How Cosmos DB Vector Profiles Enable the RAG Service:

  1. Co-location: Cosmos DB allows you to store the vector embedding directly alongside the original text chunk and its metadata within the same database record/document. This avoids needing separate lookups (first finding a vector ID, then looking up the text elsewhere).
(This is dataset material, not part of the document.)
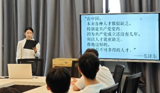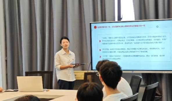 追红色记忆 走红色足迹 悟红色精神。在视频学习之后,孙权伟同志带领学生党支部全体同志深入学习贯彻习近平总书记在党的二十届三中全会上的重要讲话精神和全会精神,新时代新征程上,我们必须高举改革开放旗帜,深刻领会和把握进一步全面深化改革的主题、重大原则、重大举措,深刻领悟“两个确立”的决定性意义,增强“四个意识”、坚定“四个自信”、做到“两个维护”,这是新时代党员必须遵循的政治原则和行为准则。紧接着由陈永霞、陈紫函、王怡三位预备党员代表带来党史故事分享。一个个生动感人的故事,让同志们感受到了革命先辈们的坚定信念和无私奉献的精神,也引发了党员同志们的热烈讨论,党员同志们纷纷表示要缅怀先烈,发扬其精神。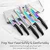- FOOD GRADE STAINLESS STEEL: Experience exceptional durability and performance with our food grade stainless steel knives. Crafted from superior quality stainless steel, each blade is finely sharpened and plated with non-stick titanium for a colorful, iridescent finish that adds a touch of style to your kitchen. This knife set includes a 20.3cm/8" Chef knife, 20.3cm/8" Bread knife, 17.75cm/7" Santoku knife, 12.7cm/5" Utility knife and 8.9cm/3.5" Paring knife

  2. Efficient Retrieval: The integrated vector indexing and search capabilities (like HNSW in MongoDB vCore or pgvector in PostgreSQL) allow Cosmos DB to perform fast Approximate Nearest Neighbor (ANN) searches, quickly finding the most relevant text chunks based on the semantic meaning captured in the query vector.

  3. Scalability & Reliability: Cosmos DB is a globally distributed, highly available, and scalable database service, ensuring your knowledge base can grow and handle query load reliably.

  4. Filtering with Metadata: You can often combine vector search with traditional metadata filtering. For example, retrieve chunks relevant to the query vector but only from documents tagged with a specific category or access level stored in the metadata.

  5. Unified Data Platform: Storing vectors, text, and metadata together simplifies the data management aspect of the RAG system.

Workflow Summary (Runtime):

  1. User submits a query via the UI.

  2. UI sends the query to the RAG Application Service on Azure Foundry.

  3. App Service gets a vector embedding for the query from Azure OpenAI.

  4. App Service queries Cosmos DB's vector search with the query vector.

  5. Cosmos DB finds the most similar vector profiles (vector + text + metadata) and returns the corresponding text chunks.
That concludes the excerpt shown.